### PROBLEM REQUIREMENTS
Starting with the line that has "Fun and elegant" in the records below and ending with the line that has "大人でも解けない人が多いかも?「12−(2×3−4)÷2」5秒で解ける?", output those lines exactly and nothing more; omit the pictures.

### DATA EXTRACTS
=== Begin Enclosure ===

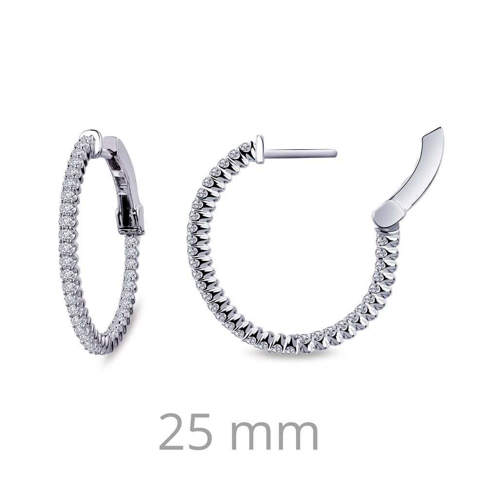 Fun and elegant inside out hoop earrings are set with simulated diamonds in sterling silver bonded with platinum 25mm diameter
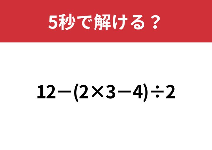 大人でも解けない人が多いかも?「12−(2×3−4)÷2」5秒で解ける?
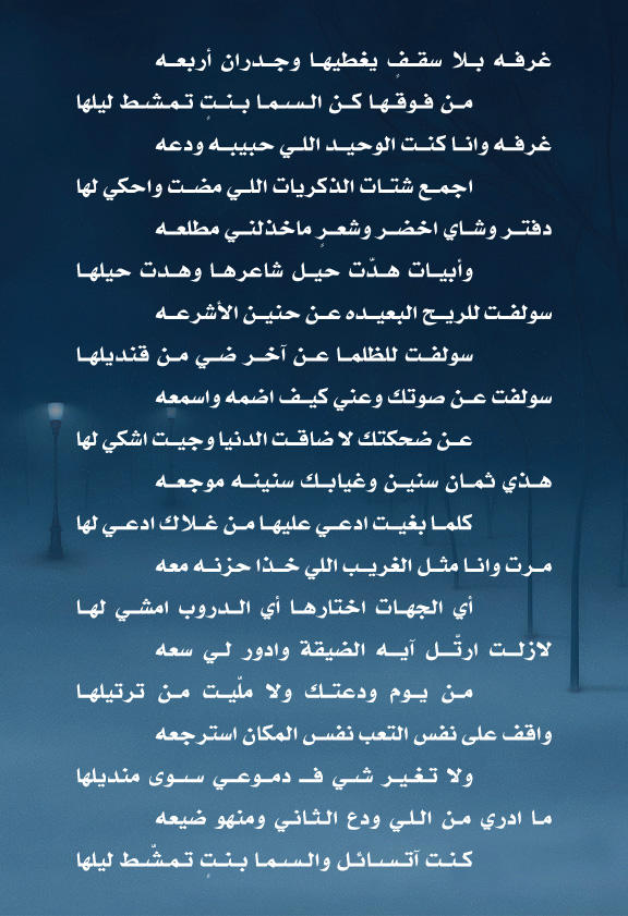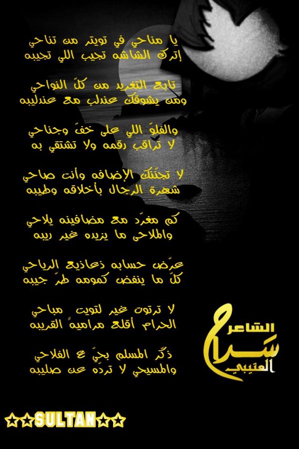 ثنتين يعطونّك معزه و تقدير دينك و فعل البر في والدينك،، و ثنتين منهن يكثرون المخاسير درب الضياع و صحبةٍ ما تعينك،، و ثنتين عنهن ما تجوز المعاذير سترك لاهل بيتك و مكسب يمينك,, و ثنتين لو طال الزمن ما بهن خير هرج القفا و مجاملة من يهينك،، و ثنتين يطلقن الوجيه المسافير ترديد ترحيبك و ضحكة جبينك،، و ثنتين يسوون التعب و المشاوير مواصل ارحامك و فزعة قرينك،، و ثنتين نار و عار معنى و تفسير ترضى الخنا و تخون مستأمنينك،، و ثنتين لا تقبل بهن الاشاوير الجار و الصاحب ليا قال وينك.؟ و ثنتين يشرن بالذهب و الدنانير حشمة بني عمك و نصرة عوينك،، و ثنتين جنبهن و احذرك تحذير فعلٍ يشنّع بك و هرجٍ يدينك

=== End Enclosure ===
=== Begin Enclosure ===

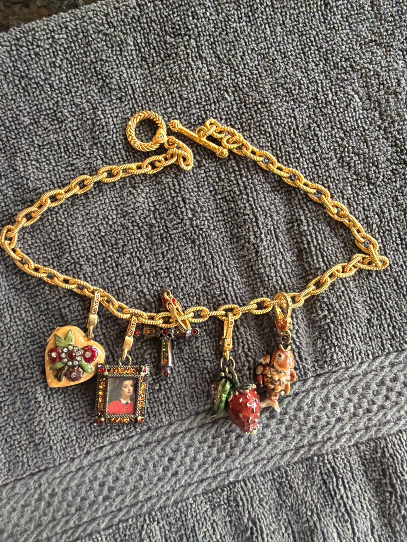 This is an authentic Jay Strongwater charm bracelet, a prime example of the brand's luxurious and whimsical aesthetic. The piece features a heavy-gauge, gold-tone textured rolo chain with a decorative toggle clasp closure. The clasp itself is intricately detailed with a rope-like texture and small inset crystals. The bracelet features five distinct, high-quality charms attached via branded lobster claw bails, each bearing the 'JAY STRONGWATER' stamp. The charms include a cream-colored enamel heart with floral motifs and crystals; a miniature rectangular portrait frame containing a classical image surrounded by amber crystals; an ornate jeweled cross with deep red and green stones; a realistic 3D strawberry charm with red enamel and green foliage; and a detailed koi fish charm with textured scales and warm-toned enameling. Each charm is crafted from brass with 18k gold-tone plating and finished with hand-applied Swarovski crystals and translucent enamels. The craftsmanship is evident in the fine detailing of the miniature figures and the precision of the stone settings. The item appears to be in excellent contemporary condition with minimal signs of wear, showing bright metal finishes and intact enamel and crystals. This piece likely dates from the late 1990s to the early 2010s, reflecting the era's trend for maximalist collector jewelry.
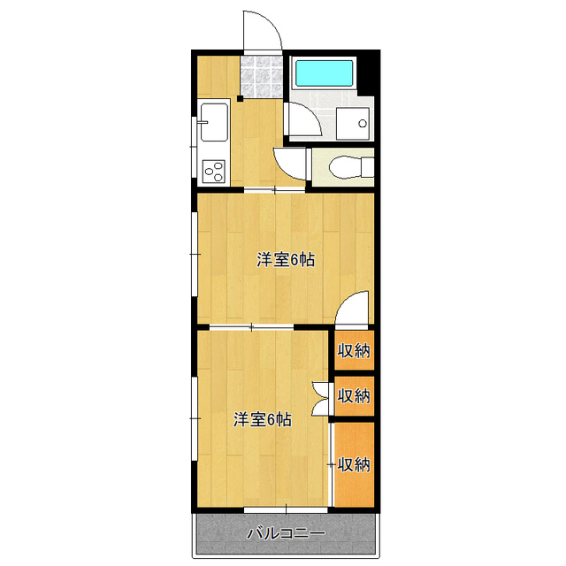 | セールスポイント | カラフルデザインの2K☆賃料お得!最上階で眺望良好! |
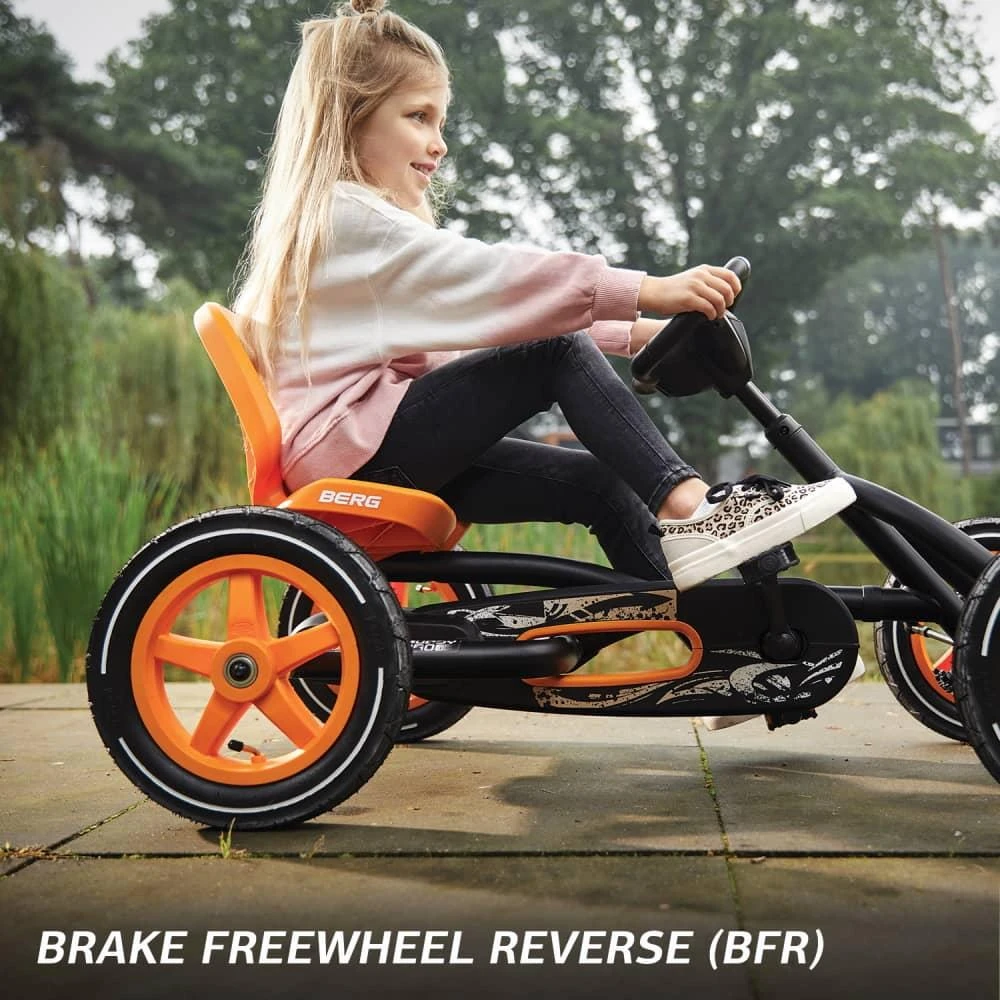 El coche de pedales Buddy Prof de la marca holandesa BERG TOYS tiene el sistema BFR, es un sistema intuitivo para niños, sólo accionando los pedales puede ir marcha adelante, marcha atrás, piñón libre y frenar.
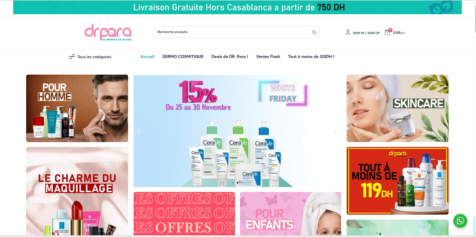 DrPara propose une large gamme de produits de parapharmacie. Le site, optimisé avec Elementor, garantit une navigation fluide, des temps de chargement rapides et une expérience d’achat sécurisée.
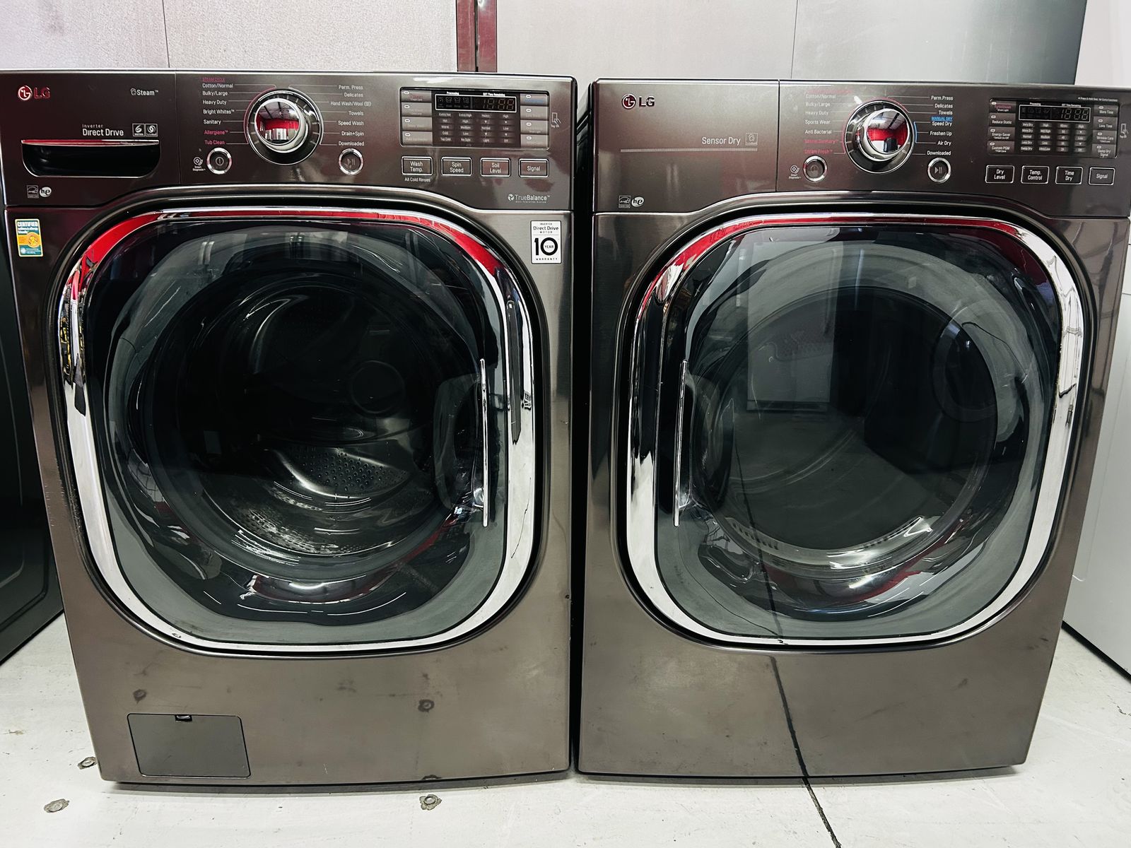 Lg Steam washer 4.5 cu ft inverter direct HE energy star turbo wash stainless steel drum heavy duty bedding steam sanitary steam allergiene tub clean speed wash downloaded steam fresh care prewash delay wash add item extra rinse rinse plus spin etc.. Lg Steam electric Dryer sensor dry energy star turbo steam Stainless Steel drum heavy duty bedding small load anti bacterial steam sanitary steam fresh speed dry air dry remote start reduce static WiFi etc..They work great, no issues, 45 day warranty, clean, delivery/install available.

=== End Enclosure ===

### SOLUTION
 Fun and elegant inside out hoop earrings are set with simulated diamonds in sterling silver bonded with platinum 25mm diameter
 大人でも解けない人が多いかも?「12−(2×3−4)÷2」5秒で解ける?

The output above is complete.